PROBLEM DETAILS: The expected output is each line from the one containing "台灣營養精神醫學研究學會(本" to the last line of the data below, set down exactly, minus the pictures.
:::::
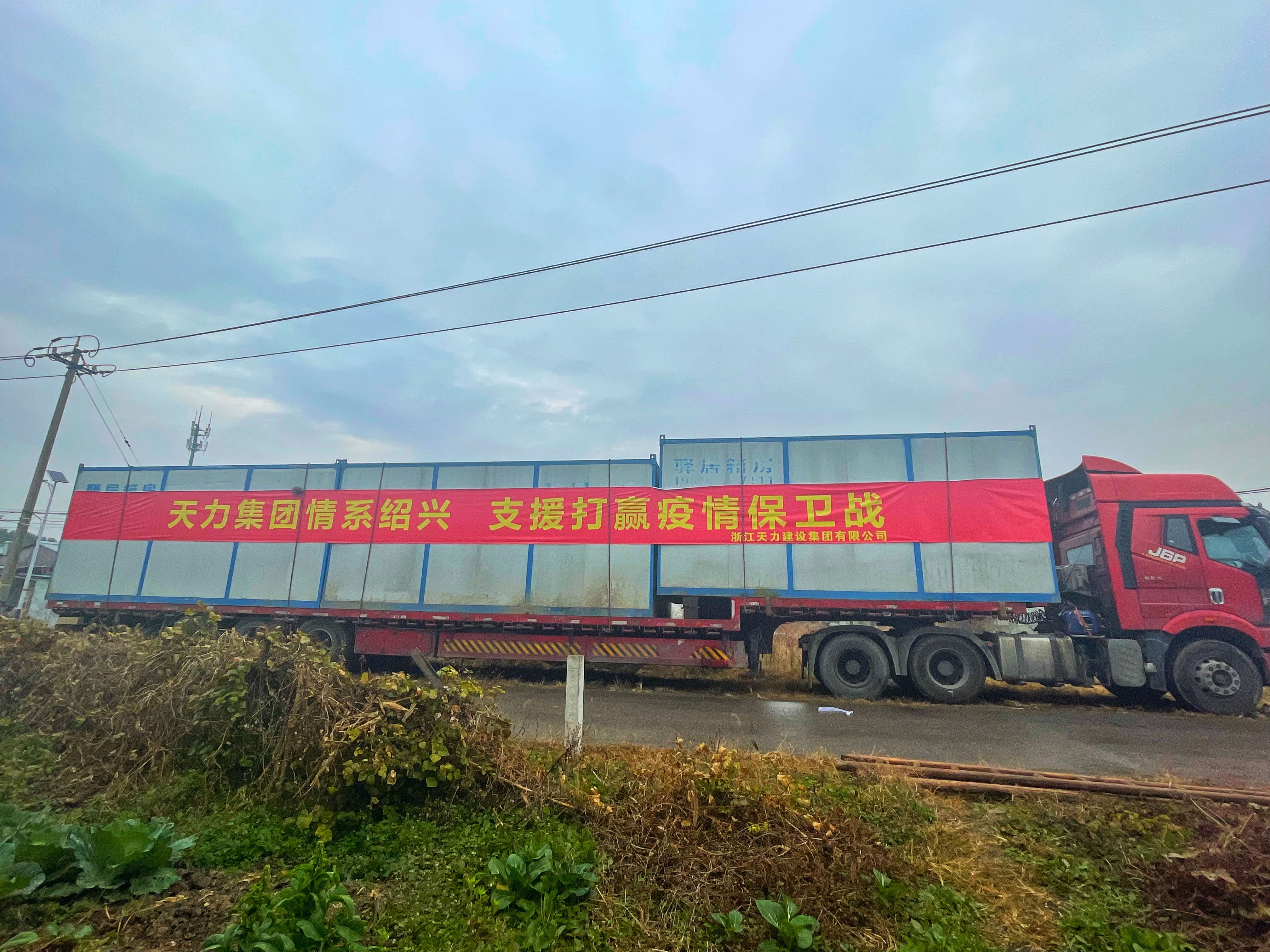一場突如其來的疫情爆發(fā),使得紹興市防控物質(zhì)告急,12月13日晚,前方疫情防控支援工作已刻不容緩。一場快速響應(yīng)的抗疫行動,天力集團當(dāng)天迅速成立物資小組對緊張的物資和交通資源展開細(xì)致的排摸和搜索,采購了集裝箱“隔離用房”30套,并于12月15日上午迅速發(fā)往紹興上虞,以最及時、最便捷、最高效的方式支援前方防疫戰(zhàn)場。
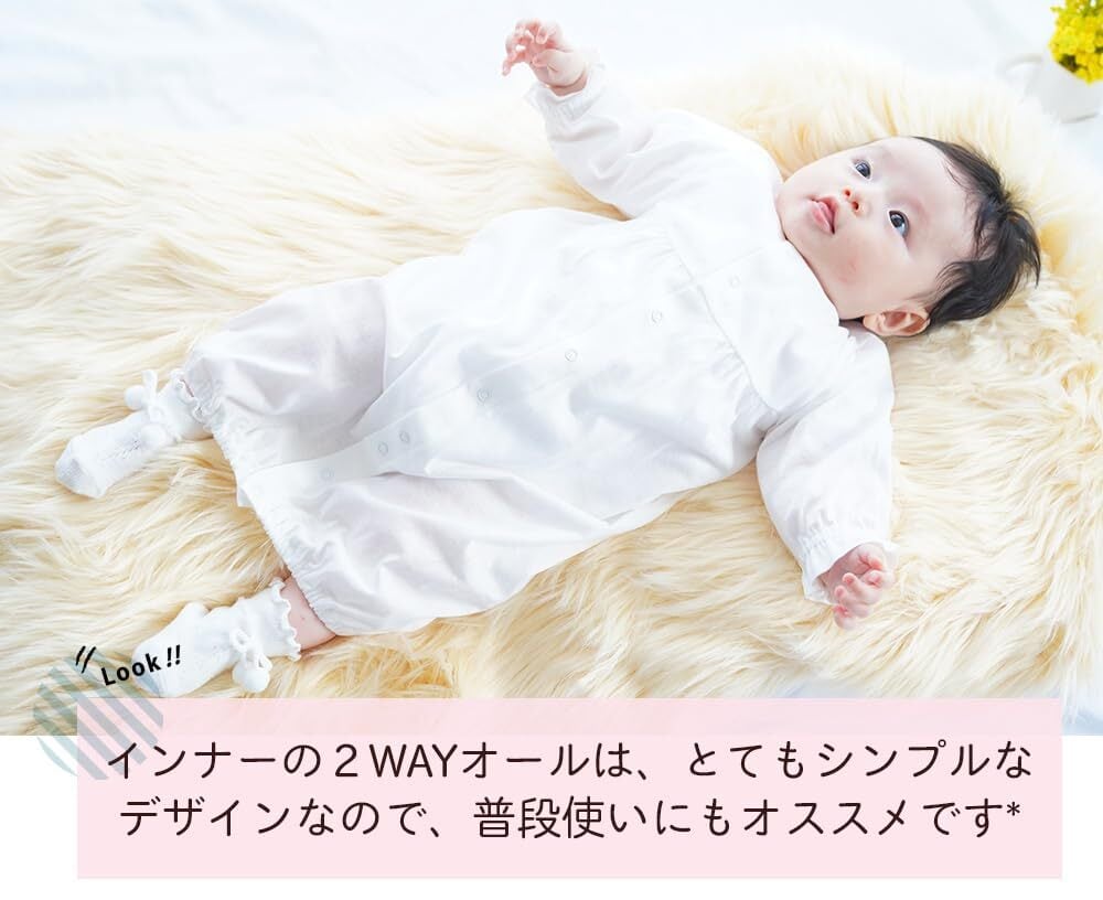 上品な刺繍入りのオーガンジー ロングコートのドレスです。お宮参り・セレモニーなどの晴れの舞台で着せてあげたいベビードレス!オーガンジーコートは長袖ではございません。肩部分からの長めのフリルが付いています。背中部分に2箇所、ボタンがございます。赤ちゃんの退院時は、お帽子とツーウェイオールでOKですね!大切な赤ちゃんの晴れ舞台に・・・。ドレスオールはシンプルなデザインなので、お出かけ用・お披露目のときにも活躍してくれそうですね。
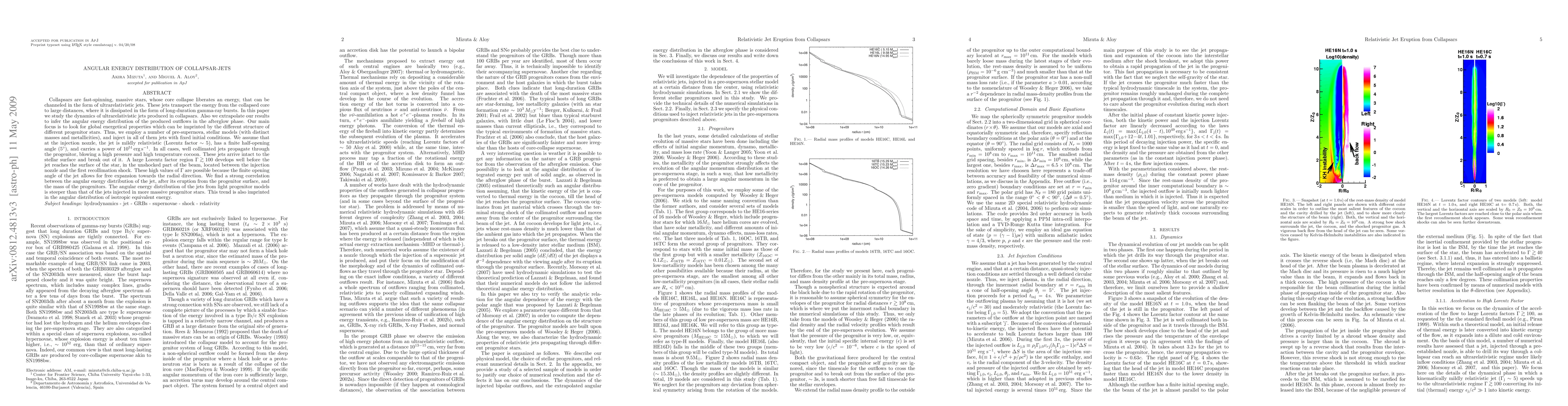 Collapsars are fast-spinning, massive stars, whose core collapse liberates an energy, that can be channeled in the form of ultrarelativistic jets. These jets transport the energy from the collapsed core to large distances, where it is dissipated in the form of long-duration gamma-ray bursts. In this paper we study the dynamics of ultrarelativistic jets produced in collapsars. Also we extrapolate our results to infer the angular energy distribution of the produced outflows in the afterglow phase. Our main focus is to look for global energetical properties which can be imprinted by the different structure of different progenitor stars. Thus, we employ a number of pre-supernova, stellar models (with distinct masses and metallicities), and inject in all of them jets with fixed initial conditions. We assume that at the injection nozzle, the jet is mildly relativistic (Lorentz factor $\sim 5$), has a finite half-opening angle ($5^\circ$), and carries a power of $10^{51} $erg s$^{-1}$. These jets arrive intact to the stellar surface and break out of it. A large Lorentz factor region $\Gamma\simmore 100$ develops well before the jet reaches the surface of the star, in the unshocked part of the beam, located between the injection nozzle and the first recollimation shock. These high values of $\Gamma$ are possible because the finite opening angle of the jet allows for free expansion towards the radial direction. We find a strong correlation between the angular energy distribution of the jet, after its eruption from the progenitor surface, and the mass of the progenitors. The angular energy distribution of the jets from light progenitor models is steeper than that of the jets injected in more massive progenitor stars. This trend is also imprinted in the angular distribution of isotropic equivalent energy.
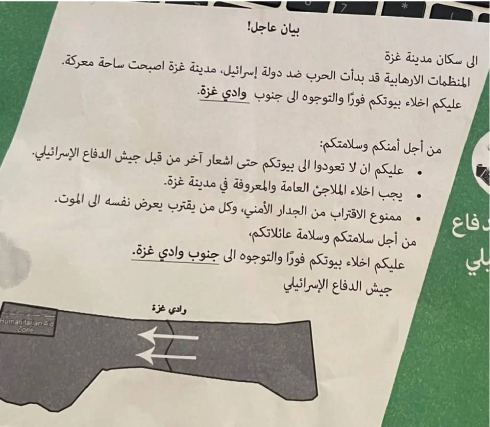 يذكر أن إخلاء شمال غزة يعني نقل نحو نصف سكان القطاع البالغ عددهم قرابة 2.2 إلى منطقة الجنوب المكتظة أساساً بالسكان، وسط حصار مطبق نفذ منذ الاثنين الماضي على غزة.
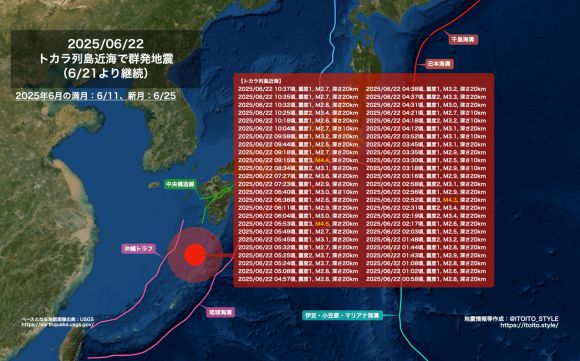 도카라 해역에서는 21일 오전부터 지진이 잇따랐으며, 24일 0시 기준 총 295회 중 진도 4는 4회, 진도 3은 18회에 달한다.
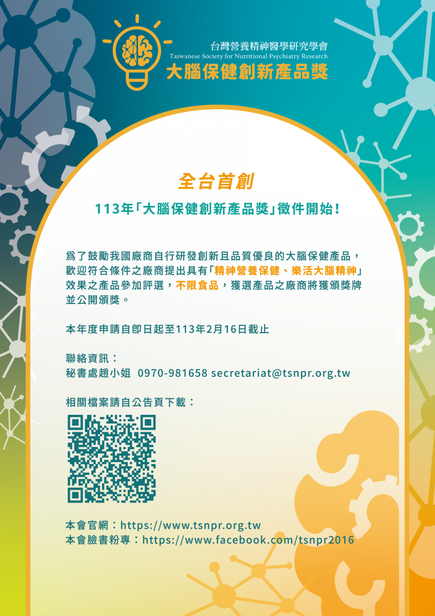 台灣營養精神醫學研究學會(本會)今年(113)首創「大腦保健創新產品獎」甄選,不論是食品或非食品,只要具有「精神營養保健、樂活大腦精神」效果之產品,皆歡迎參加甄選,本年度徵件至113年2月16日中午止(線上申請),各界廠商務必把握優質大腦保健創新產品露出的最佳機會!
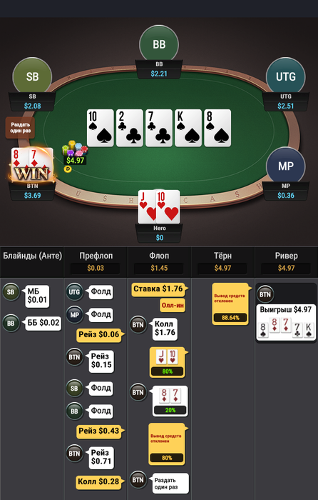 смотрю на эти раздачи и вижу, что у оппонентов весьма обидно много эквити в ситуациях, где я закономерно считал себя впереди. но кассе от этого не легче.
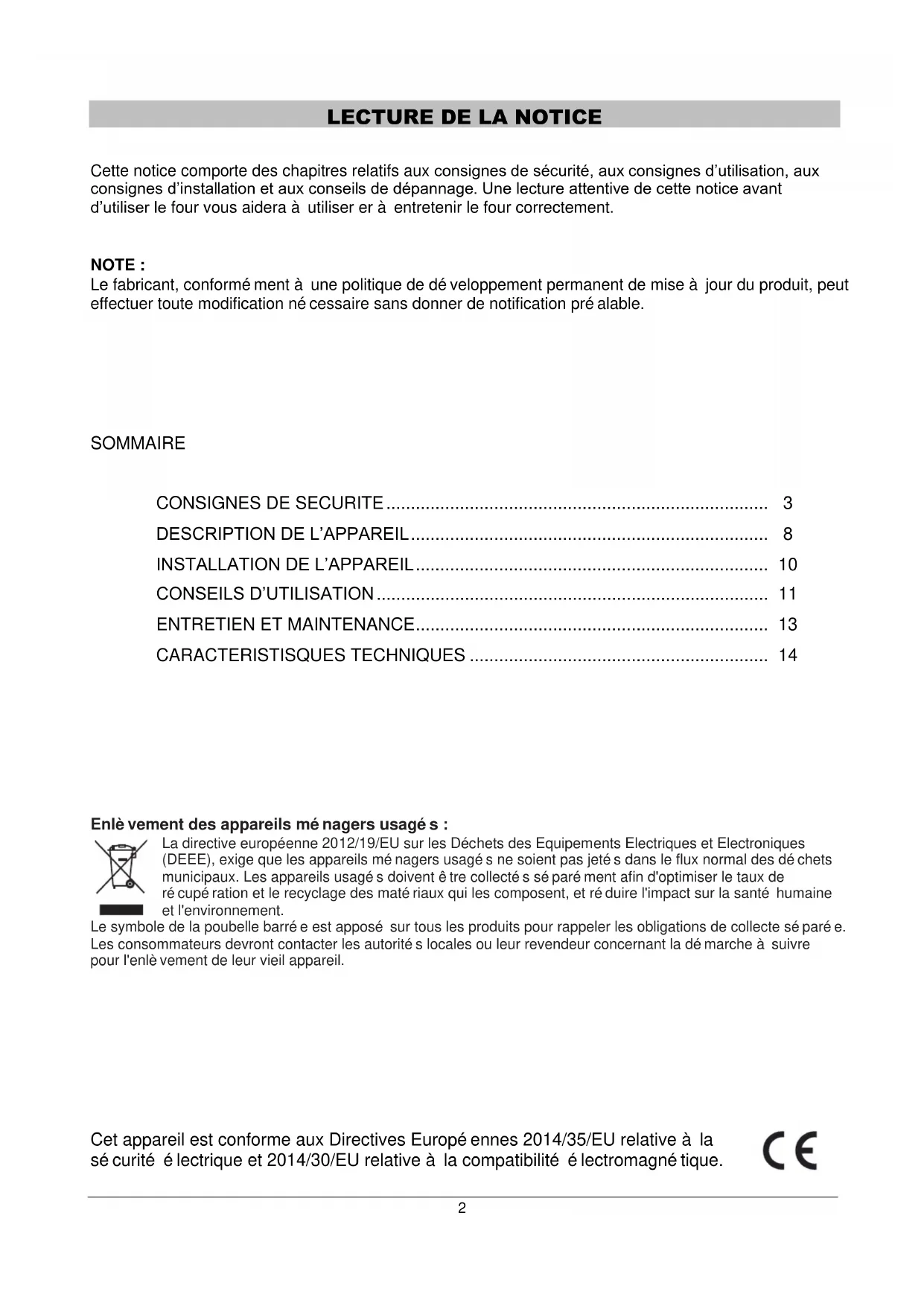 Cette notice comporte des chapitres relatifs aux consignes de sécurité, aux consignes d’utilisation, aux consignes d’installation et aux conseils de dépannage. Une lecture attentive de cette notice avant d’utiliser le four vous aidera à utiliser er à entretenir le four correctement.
:::::
EXERCISE RESULT:
 台灣營養精神醫學研究學會(本會)今年(113)首創「大腦保健創新產品獎」甄選,不論是食品或非食品,只要具有「精神營養保健、樂活大腦精神」效果之產品,皆歡迎參加甄選,本年度徵件至113年2月16日中午止(線上申請),各界廠商務必把握優質大腦保健創新產品露出的最佳機會!
 смотрю на эти раздачи и вижу, что у оппонентов весьма обидно много эквити в ситуациях, где я закономерно считал себя впереди. но кассе от этого не легче.
 Cette notice comporte des chapitres relatifs aux consignes de sécurité, aux consignes d’utilisation, aux consignes d’installation et aux conseils de dépannage. Une lecture attentive de cette notice avant d’utiliser le four vous aidera à utiliser er à entretenir le four correctement.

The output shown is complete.